Roy Perry, a British Conservative member of the European Parliament, has called for an investigation by the European Court of Justice, the EU’s highest court, of the accusations against Lloyd’s and the U.K. government over the handling of investments by individual “Names” during the 1980’s and ’90’s when many of them lost large sums of money, primarily due to asbestos claims.

The case involves lawsuits by the “Names” that Lloyd’s knew or should have known that it faced exposure to huge claims for asbestos related liabilities when it recruited the “Names” as investors in its syndicates. The matter has already been the subject of extensive litigation, notably the Jaffray Case, which Lloyd’s won. It also prompted the formation of Equitas in 1996 to serve as a runoff vehicle for Lloyd’s liabilities prior to 1992. Most “Names” elected to become part of that process, but a number did not, pressing their case against Lloyd’s for fraud. The crisis also eventually resulted in a total restructuring of Lloyd’s and the introduction of corporate capital (in 1994), which now accounts for around 90 percent of Lloyd’s capacity.

As part of that case the ‘Names” also charged that U.K. government regulations, in force at the time, did not accord with EU standards, and failed to adequately protect investors. The European Commission investigated these charges. Last October it released a report indicating that it it was satisfied with the British government’s compliance with EU insurance legislation and that it had found no violations by the government.

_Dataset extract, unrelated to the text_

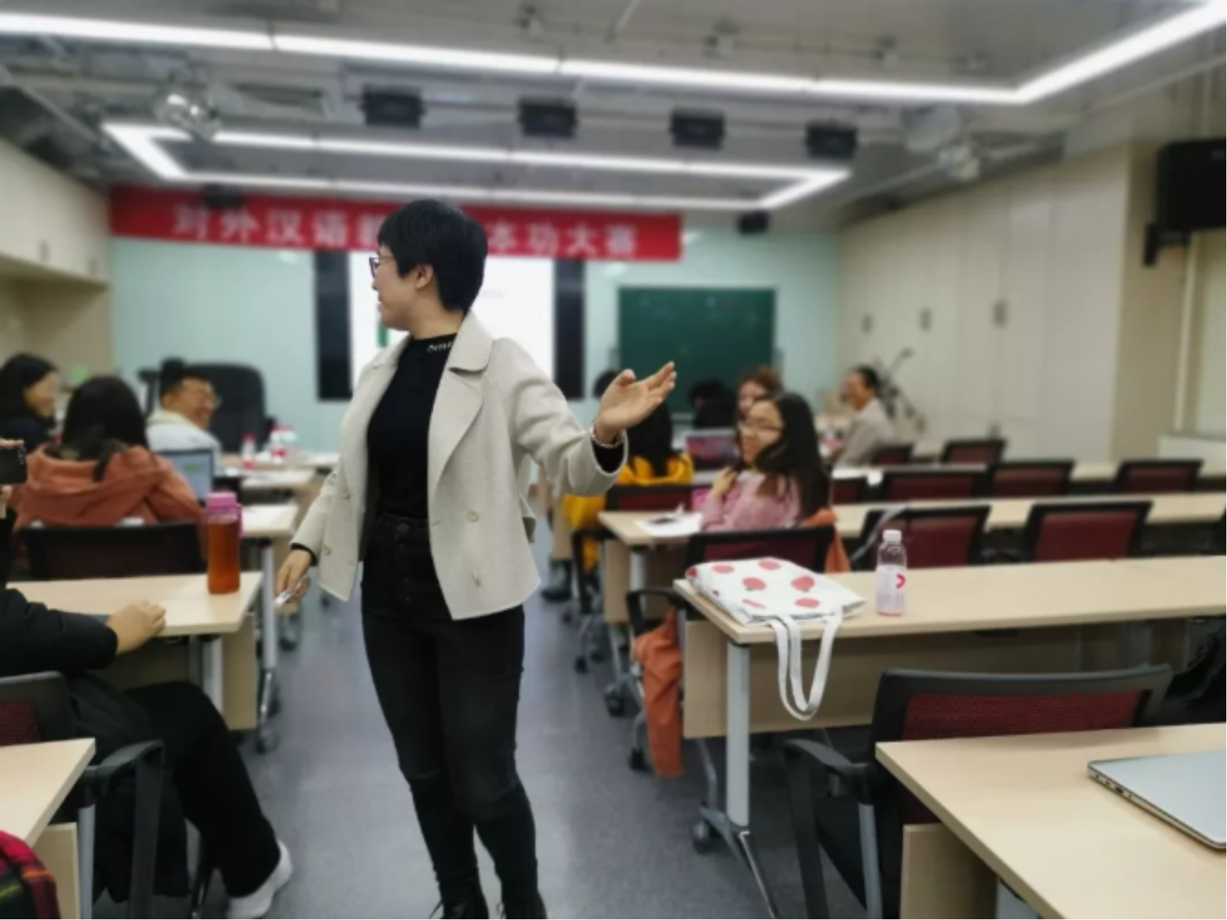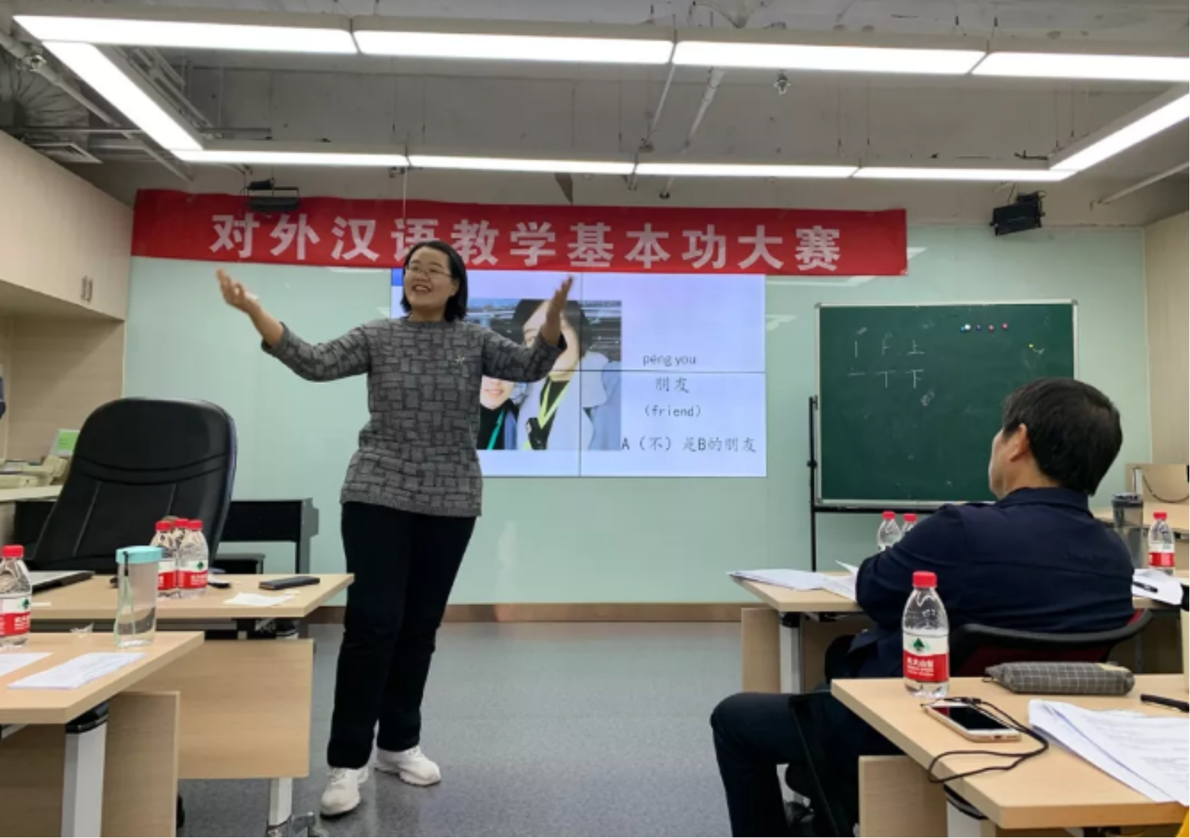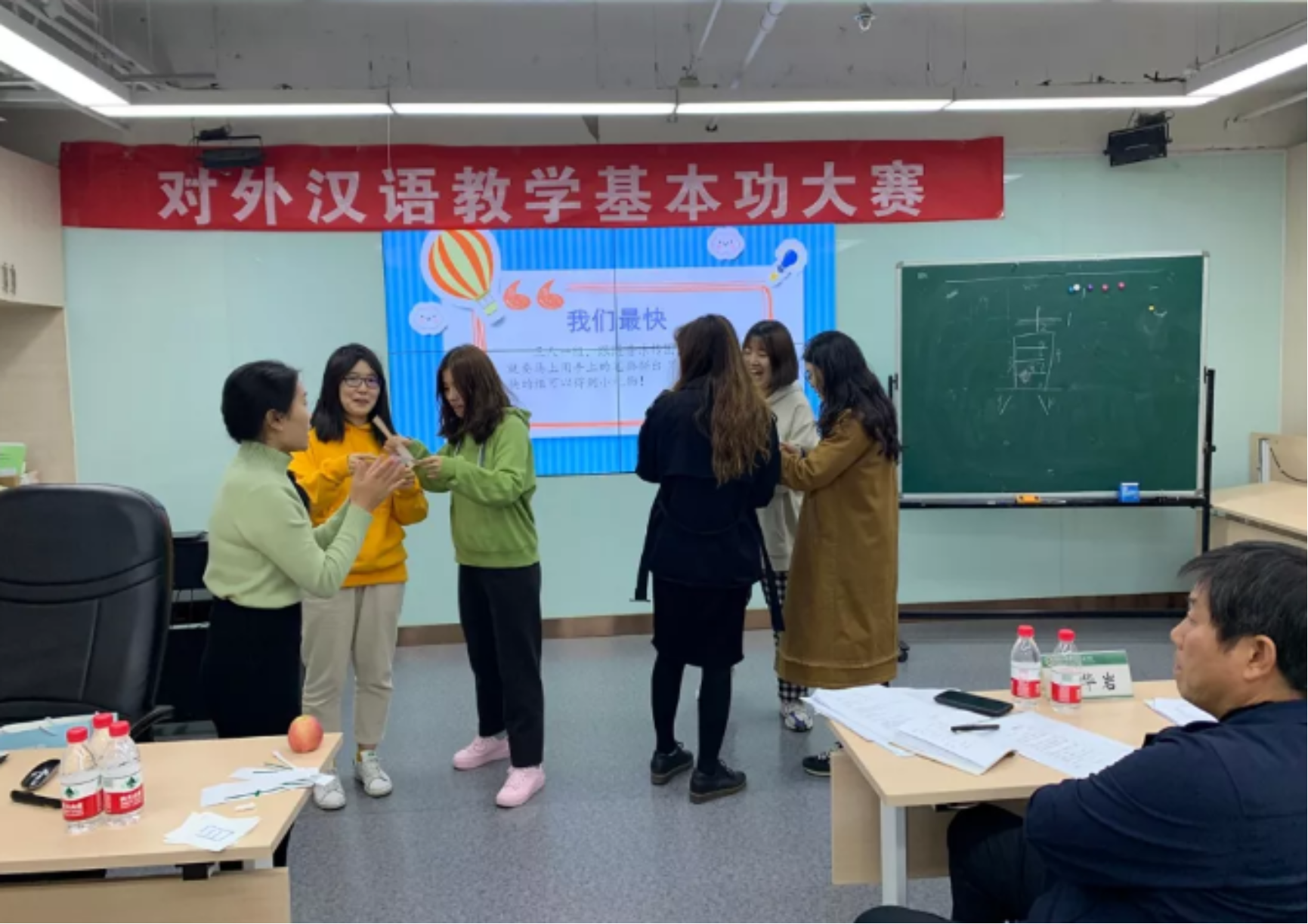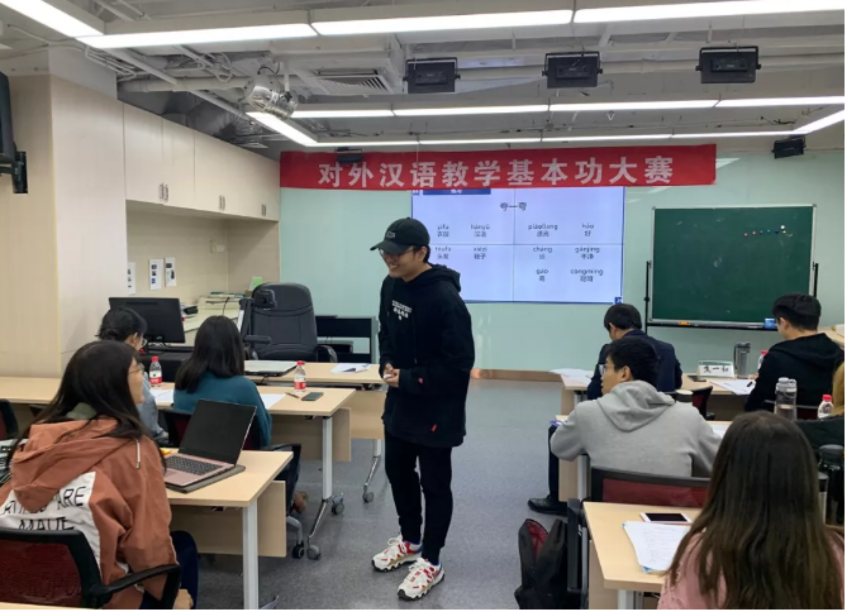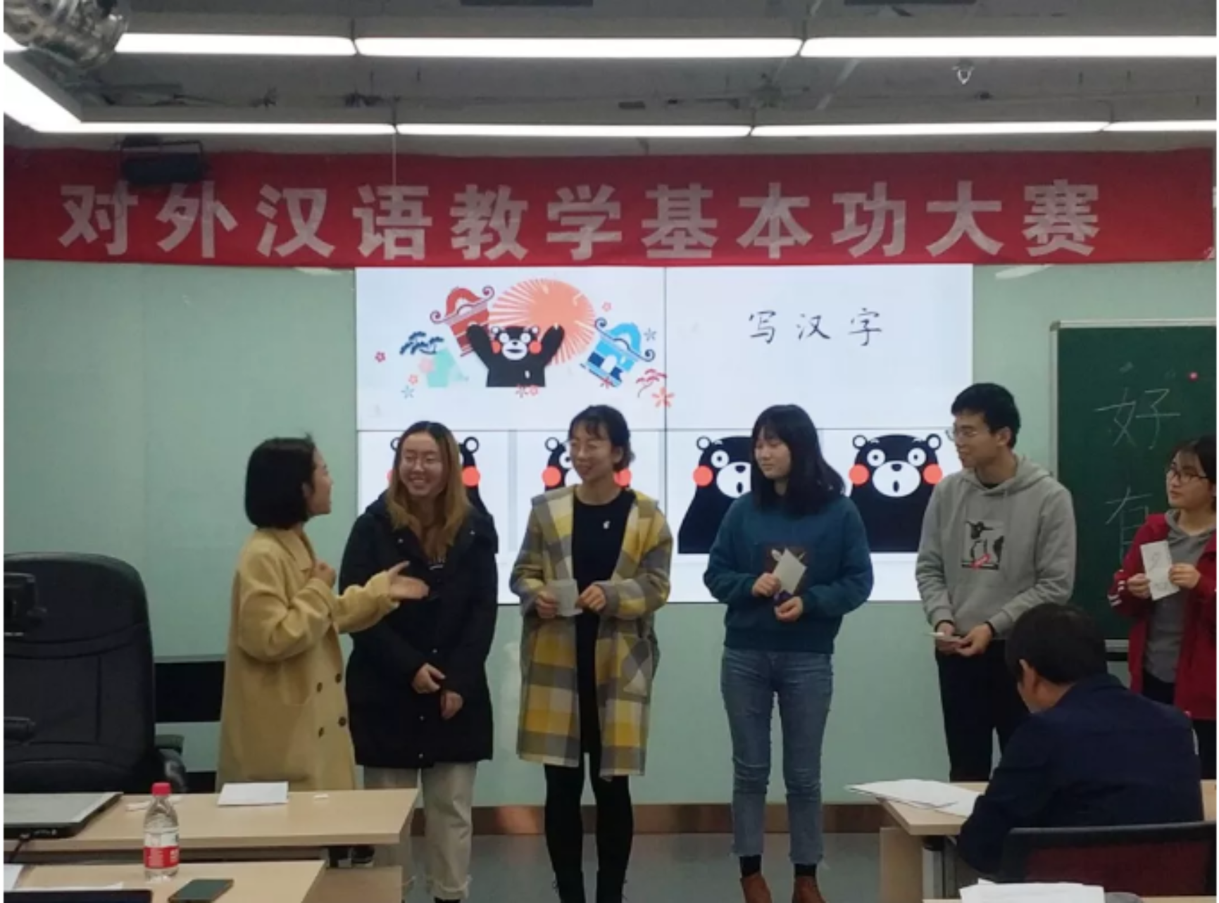 汉语文化院的卢华岩、焦一和、柯航三位老师担任了本轮决赛的评委,根据同学的现场表现以及教案、创意,做出综合点评,令同学们受益匪浅。卢华岩老师指出,一些同学在授课时忽视课文而将重点放在语法点上,这一处理并不妥当;焦一和老师纠正了同学们教学语言中冗杂的成分,并强调在制作课件时一定要注重细节,避免错字、拼音标注错误等低级问题;柯航老师从语法的角度,为同学们的语法教学设计提出许多实用可行的建议。

Perry charges that the decision was in effect a whitewash, which failed to address the regulatory situation during the years in question, i.e. prior to 2001. He accused the Commission of failing to answer the questions posed by Members of the European Parliament into whether the U.K.’s insurance regulations accorded with EU directives at the time of the scandal, and called for a new investigation. He indicated he would move to have the matter placed before the court, unless the EC acts.

“This issue shows a massive cover-up by the British government and an embarrassing silence by the Commission, which I believe is in default of its obligation to answer parliament’s questions,” Perry was quoted as saying by Agence France Presse. “Frankly, the sooner this matter gets to the European Court of Justice, the better.”

“What I want the Commission to do is to answer the straightforward question: do they believe the British government was in compliance with the insurance directive for the regulation of Lloyd’s between 1978 and 2001,” he told AFP. “This is something that they’ve conspicuously refused to answer so far.”

Perry also charged that large portions of documents concerning the case given to the Commission had been subject to a prior review by the U.K. government, which had excised important passages. He said that the parliament had therefore not received complete information concerning the case, and indicated that if the EC had failed to hand over full documentation, he would press for the parliament to take the case to court. Such a decision would require a vote by all members of the European Parliament.

British government spokespersons have indicated that they consider the matter closed, and have added that the EC in effect cannot investigate the situation before 2001, as this was not covered by the relevant EU laws. They’ve also noted that it was normal procedure to vet documents before presenting them in order to protect confidentiality.